▸ **Task to complete**: Skip the pictures and write out, word for word, the lines below from the one with "Fórmula de alto" through the one with "Photograph of a", inclusive.

########

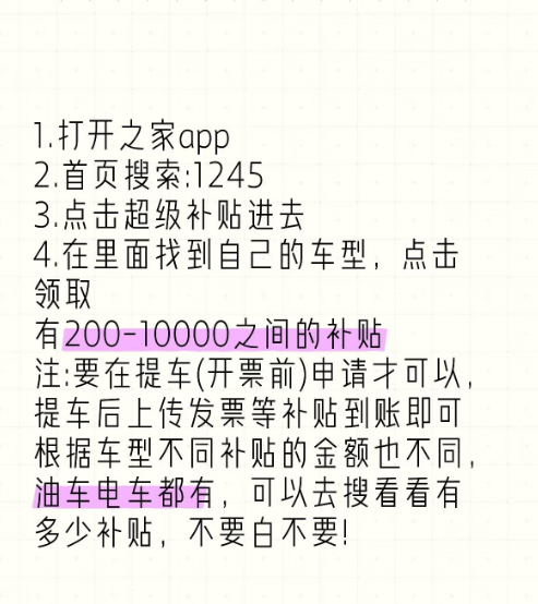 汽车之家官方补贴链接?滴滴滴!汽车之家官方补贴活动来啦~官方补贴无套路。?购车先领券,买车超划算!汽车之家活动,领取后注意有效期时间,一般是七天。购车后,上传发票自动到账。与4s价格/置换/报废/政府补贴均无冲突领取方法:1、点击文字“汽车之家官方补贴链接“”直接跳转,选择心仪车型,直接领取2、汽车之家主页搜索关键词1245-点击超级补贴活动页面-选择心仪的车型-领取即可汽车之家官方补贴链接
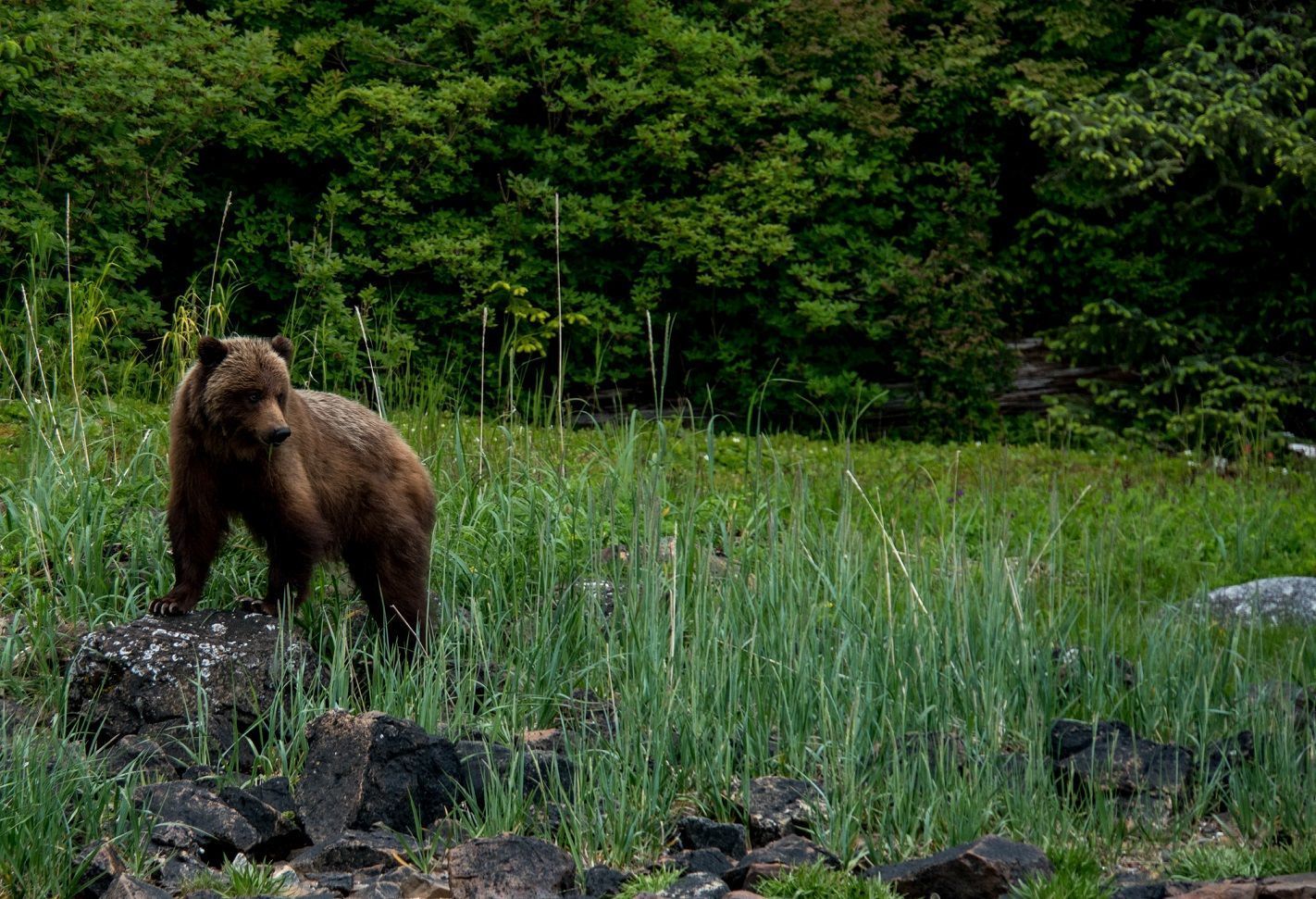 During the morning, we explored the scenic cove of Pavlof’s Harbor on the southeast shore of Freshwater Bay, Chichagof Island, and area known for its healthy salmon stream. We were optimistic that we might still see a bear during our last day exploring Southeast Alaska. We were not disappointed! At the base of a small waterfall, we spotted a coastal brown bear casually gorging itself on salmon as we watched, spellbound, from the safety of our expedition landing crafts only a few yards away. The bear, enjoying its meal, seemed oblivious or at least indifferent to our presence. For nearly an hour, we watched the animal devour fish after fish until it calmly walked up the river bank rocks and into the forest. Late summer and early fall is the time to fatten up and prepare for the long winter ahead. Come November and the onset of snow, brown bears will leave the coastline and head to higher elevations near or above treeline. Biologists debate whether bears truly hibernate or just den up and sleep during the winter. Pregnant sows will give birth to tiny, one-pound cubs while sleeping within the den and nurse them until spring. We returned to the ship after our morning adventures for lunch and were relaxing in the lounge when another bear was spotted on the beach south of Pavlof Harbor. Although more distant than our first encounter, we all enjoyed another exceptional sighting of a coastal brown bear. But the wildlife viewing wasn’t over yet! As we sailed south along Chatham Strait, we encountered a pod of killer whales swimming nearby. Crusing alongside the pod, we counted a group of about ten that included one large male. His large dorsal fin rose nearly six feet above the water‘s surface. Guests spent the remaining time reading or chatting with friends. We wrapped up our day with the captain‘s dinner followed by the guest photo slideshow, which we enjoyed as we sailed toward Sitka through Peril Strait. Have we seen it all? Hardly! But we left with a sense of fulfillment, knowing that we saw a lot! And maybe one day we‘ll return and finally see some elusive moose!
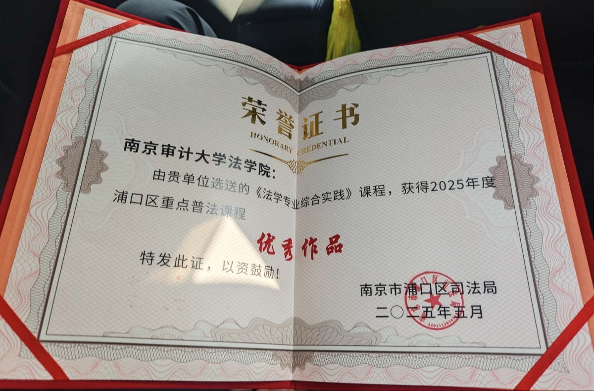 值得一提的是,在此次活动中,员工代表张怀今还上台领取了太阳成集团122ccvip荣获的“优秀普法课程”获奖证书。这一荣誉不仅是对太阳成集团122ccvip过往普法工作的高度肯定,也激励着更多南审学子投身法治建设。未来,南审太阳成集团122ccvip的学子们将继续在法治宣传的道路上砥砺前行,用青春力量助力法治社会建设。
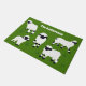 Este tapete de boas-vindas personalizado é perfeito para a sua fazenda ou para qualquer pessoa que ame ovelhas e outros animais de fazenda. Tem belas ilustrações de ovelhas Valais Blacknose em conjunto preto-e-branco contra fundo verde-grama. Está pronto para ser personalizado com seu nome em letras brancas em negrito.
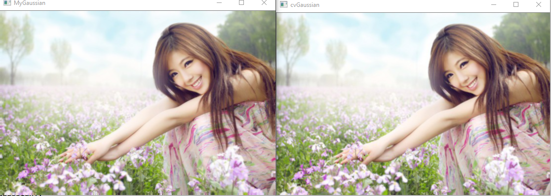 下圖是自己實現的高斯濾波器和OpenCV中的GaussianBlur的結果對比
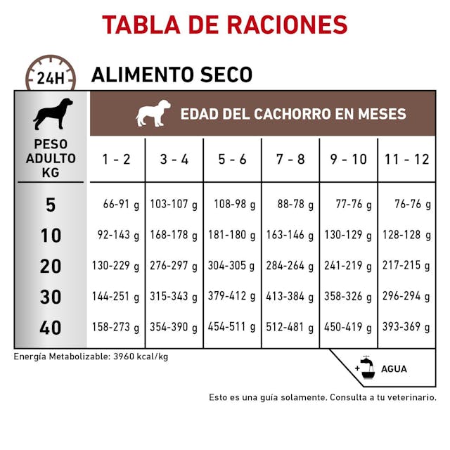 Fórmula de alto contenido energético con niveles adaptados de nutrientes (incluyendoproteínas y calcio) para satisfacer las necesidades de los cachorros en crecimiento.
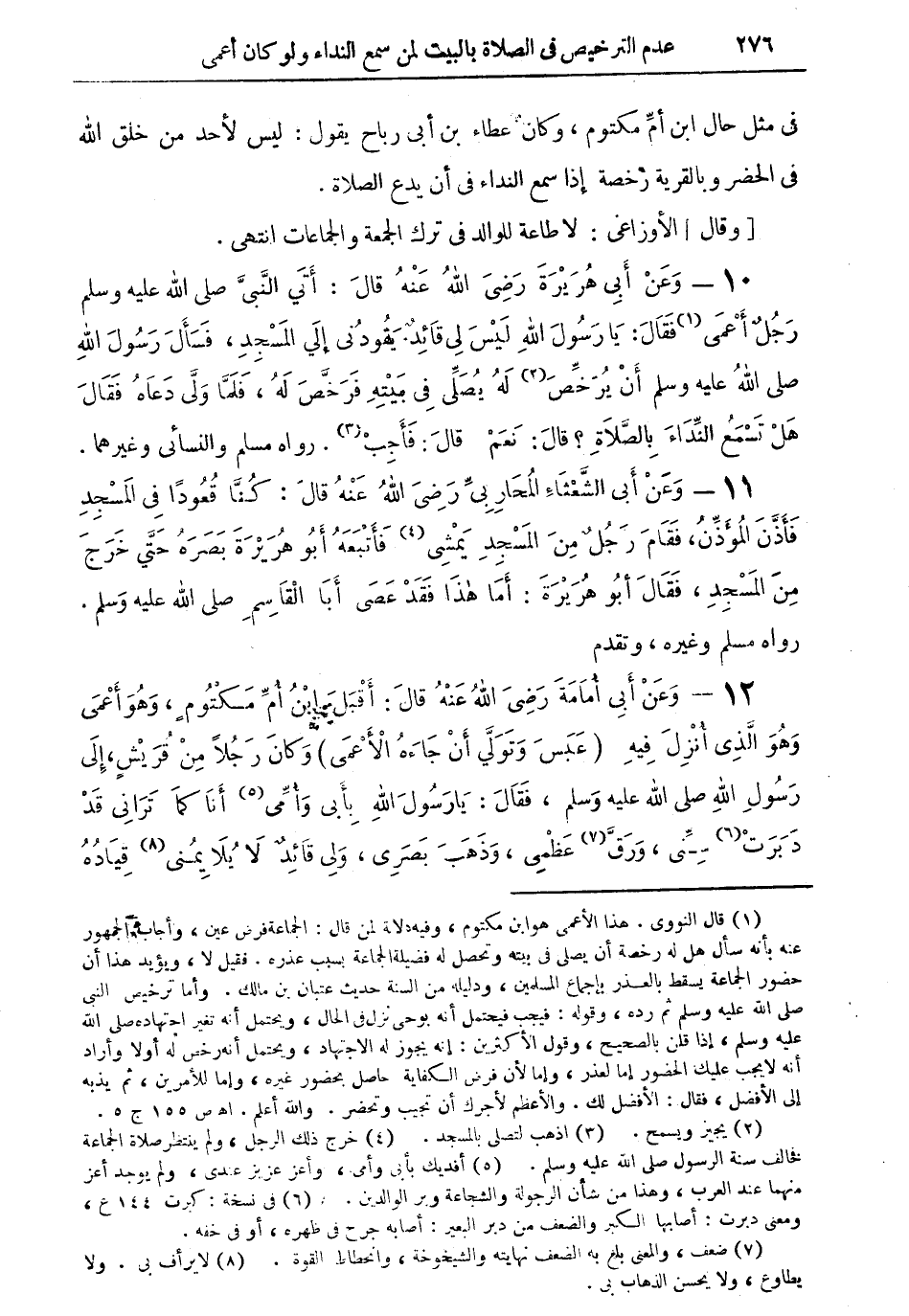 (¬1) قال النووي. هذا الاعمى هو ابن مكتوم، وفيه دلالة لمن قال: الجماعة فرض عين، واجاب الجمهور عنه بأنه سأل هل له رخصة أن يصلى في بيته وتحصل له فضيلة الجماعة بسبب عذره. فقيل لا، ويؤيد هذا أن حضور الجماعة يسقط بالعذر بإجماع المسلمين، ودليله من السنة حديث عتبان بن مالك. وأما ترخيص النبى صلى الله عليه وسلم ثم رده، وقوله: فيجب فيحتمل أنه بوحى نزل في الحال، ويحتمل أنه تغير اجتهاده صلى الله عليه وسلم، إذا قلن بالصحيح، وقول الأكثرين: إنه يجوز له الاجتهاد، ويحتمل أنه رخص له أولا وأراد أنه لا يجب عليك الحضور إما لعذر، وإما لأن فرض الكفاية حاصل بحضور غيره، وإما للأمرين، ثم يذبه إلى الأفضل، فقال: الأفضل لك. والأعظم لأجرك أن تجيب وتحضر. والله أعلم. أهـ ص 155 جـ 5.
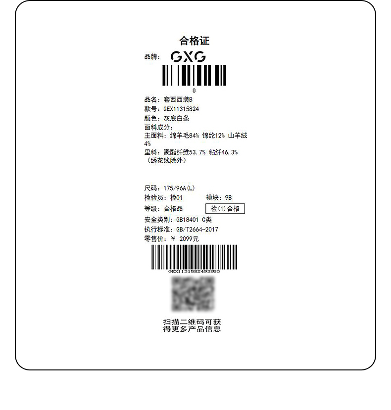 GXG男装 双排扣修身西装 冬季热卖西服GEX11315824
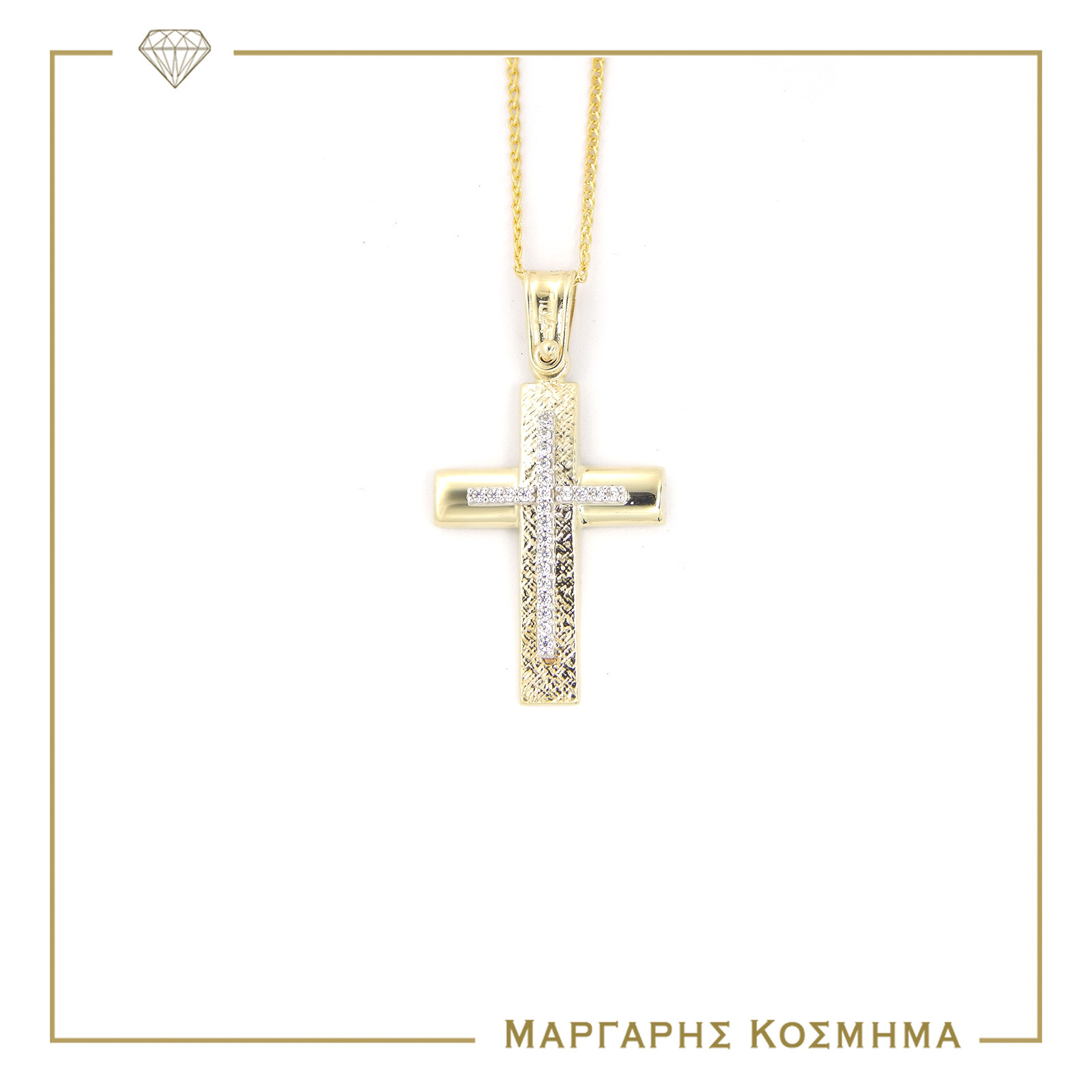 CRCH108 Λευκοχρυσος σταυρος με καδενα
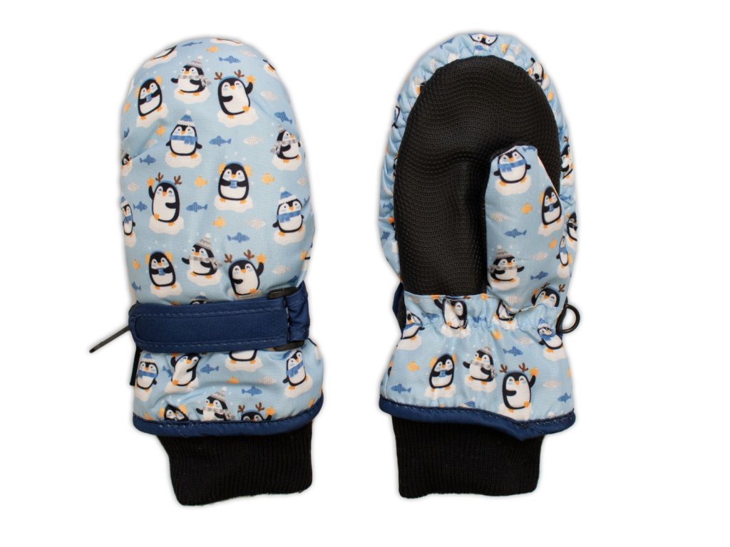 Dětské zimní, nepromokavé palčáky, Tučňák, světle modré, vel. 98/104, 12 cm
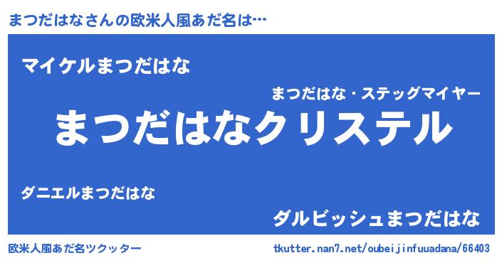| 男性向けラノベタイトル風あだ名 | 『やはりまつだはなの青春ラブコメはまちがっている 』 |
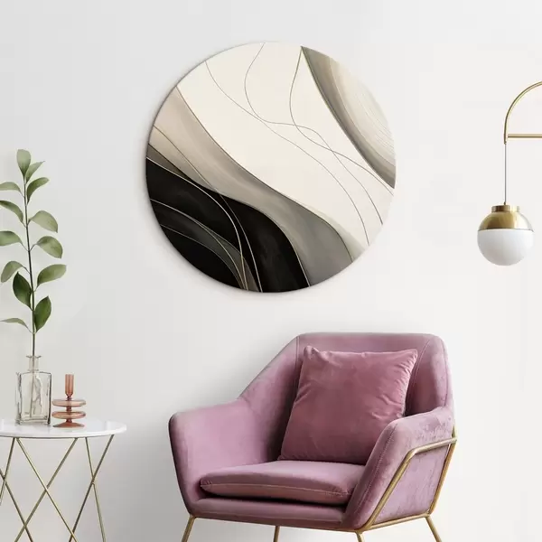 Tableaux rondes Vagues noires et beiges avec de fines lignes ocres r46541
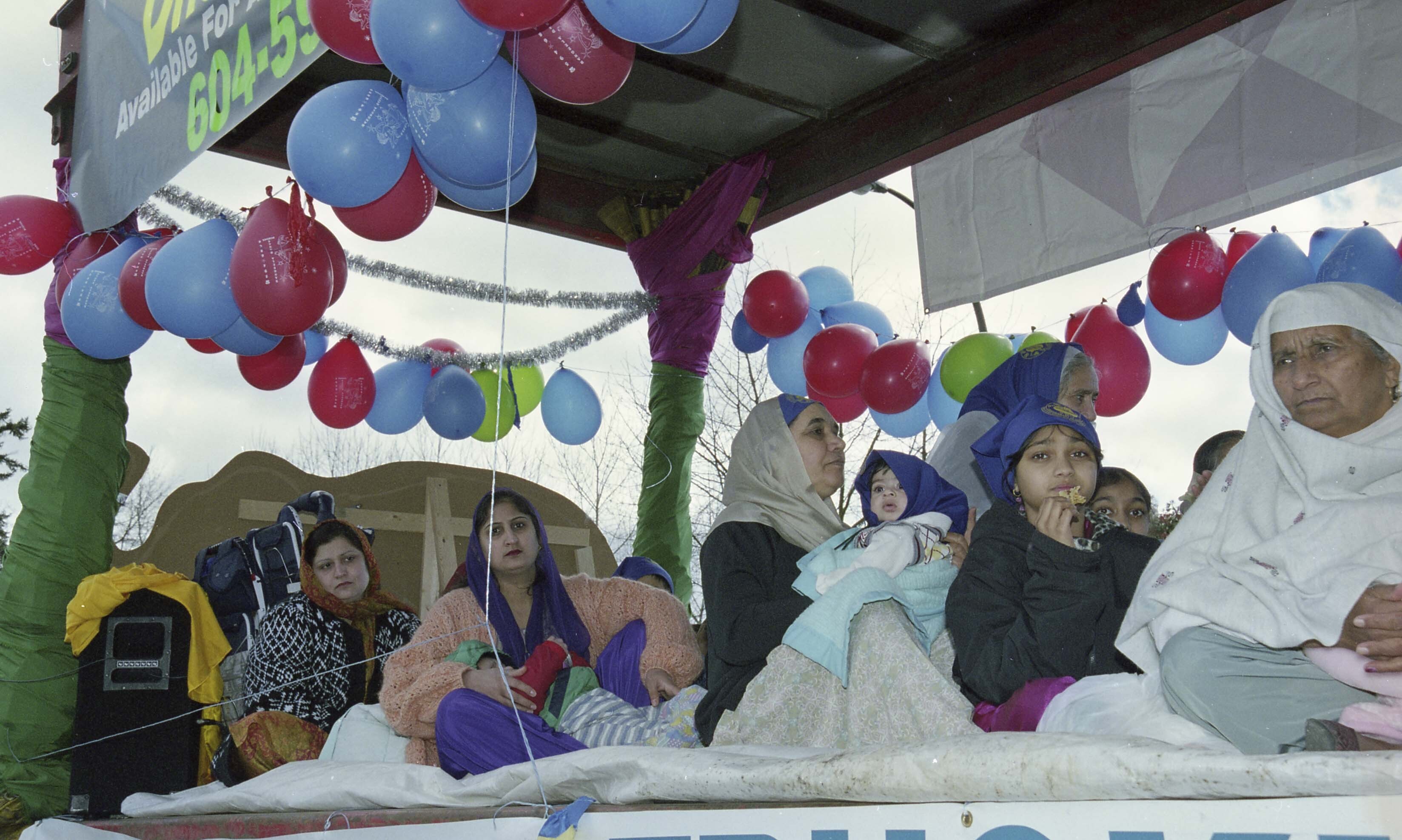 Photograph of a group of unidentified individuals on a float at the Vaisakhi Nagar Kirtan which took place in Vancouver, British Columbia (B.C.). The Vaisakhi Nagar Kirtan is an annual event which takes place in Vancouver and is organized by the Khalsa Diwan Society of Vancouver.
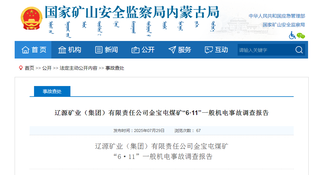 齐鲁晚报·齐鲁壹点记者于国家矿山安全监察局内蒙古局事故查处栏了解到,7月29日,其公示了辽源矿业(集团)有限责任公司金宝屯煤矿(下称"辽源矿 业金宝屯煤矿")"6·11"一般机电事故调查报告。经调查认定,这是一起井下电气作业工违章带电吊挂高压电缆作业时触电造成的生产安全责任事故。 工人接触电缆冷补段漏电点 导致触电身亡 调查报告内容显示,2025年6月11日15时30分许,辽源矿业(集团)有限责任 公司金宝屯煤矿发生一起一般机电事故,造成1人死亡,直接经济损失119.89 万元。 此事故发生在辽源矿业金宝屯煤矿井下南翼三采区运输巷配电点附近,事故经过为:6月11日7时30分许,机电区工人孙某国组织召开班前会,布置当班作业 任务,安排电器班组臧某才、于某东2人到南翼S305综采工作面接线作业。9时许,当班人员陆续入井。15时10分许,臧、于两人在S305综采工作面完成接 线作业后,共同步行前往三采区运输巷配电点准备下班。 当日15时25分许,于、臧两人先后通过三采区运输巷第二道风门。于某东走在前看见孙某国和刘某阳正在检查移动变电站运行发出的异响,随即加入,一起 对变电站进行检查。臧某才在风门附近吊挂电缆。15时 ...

########

▸ **Solved problem**:
 Fórmula de alto contenido energético con niveles adaptados de nutrientes (incluyendoproteínas y calcio) para satisfacer las necesidades de los cachorros en crecimiento.
 (¬1) قال النووي. هذا الاعمى هو ابن مكتوم، وفيه دلالة لمن قال: الجماعة فرض عين، واجاب الجمهور عنه بأنه سأل هل له رخصة أن يصلى في بيته وتحصل له فضيلة الجماعة بسبب عذره. فقيل لا، ويؤيد هذا أن حضور الجماعة يسقط بالعذر بإجماع المسلمين، ودليله من السنة حديث عتبان بن مالك. وأما ترخيص النبى صلى الله عليه وسلم ثم رده، وقوله: فيجب فيحتمل أنه بوحى نزل في الحال، ويحتمل أنه تغير اجتهاده صلى الله عليه وسلم، إذا قلن بالصحيح، وقول الأكثرين: إنه يجوز له الاجتهاد، ويحتمل أنه رخص له أولا وأراد أنه لا يجب عليك الحضور إما لعذر، وإما لأن فرض الكفاية حاصل بحضور غيره، وإما للأمرين، ثم يذبه إلى الأفضل، فقال: الأفضل لك. والأعظم لأجرك أن تجيب وتحضر. والله أعلم. أهـ ص 155 جـ 5.
 GXG男装 双排扣修身西装 冬季热卖西服GEX11315824
 CRCH108 Λευκοχρυσος σταυρος με καδενα
 Dětské zimní, nepromokavé palčáky, Tučňák, světle modré, vel. 98/104, 12 cm
| 男性向けラノベタイトル風あだ名 | 『やはりまつだはなの青春ラブコメはまちがっている 』 |
 Tableaux rondes Vagues noires et beiges avec de fines lignes ocres r46541
 Photograph of a group of unidentified individuals on a float at the Vaisakhi Nagar Kirtan which took place in Vancouver, British Columbia (B.C.). The Vaisakhi Nagar Kirtan is an annual event which takes place in Vancouver and is organized by the Khalsa Diwan Society of Vancouver.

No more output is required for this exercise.